Start of Supplied data
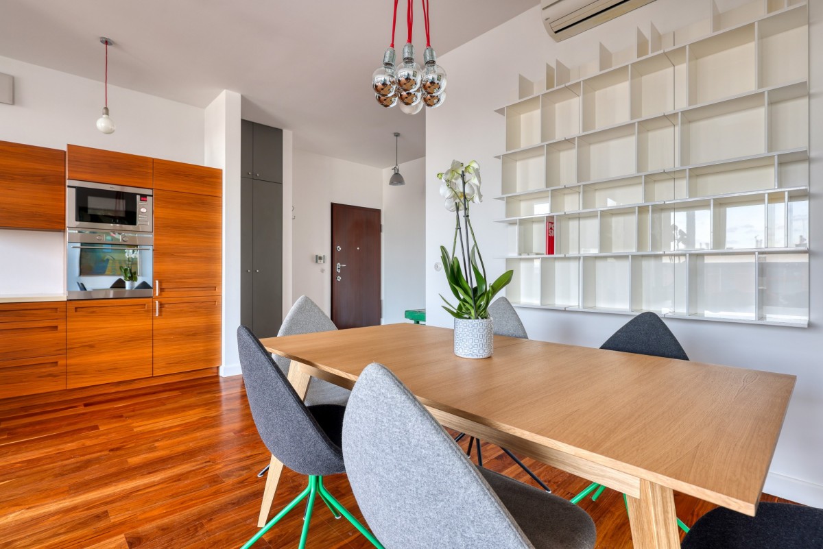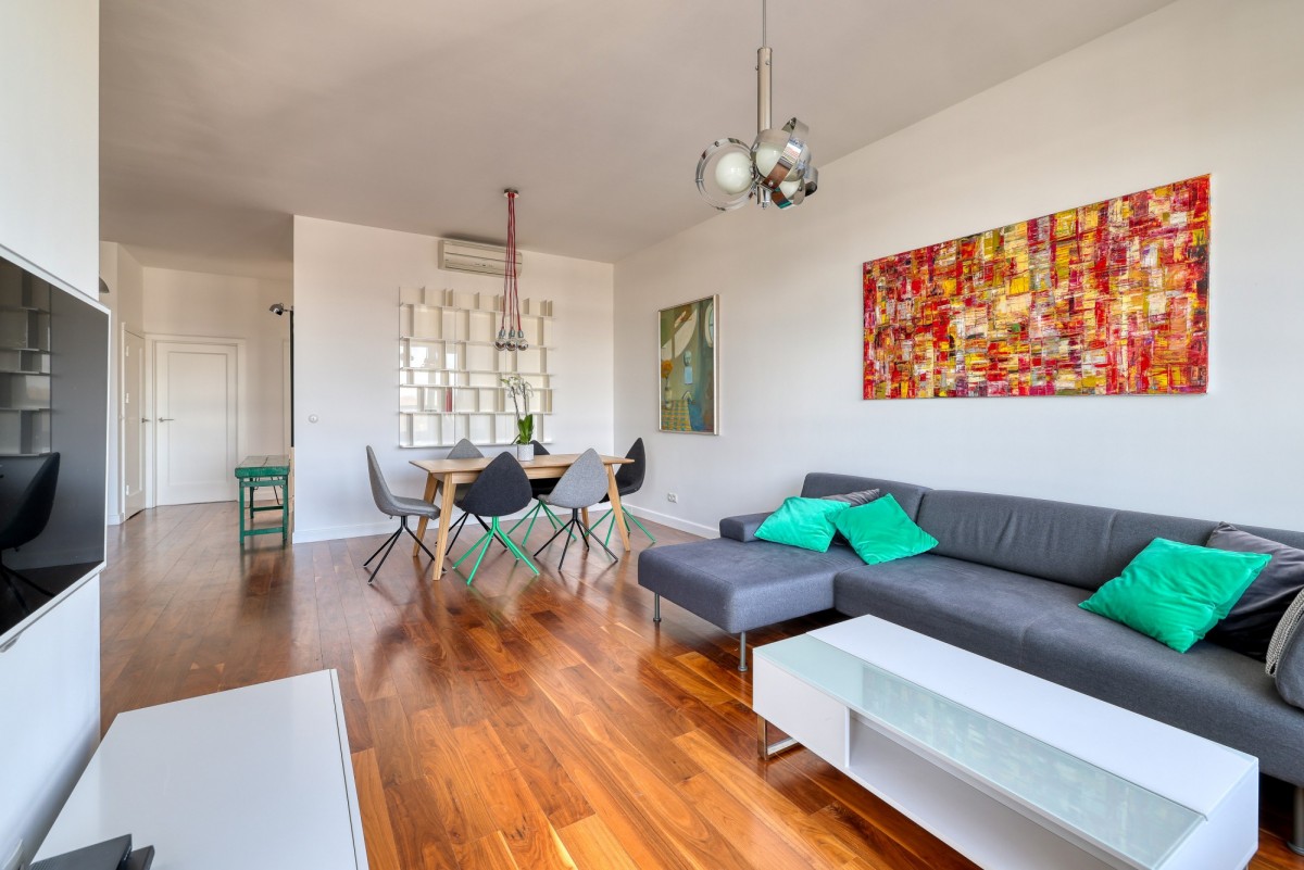 - Spacious, beautiful living room with custom-built kitchen, dedicated dining area, and direct access to a terrace with Vistula River view
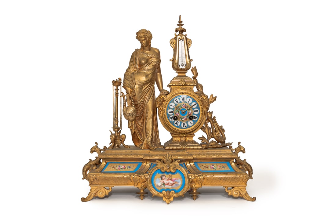 A Serves pattern gilt bronze and porcelain clock and thermometer
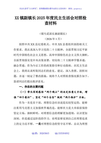 / XX镇副镇长2025年度民主生活会对照检查材料
End of Supplied data
◆ Exercise directions: The response consists of the data above printed line for line, with no pictures.

◆ Solution to the problem:
 - Spacious, beautiful living room with custom-built kitchen, dedicated dining area, and direct access to a terrace with Vistula River view
 A Serves pattern gilt bronze and porcelain clock and thermometer
 / XX镇副镇长2025年度民主生活会对照检查材料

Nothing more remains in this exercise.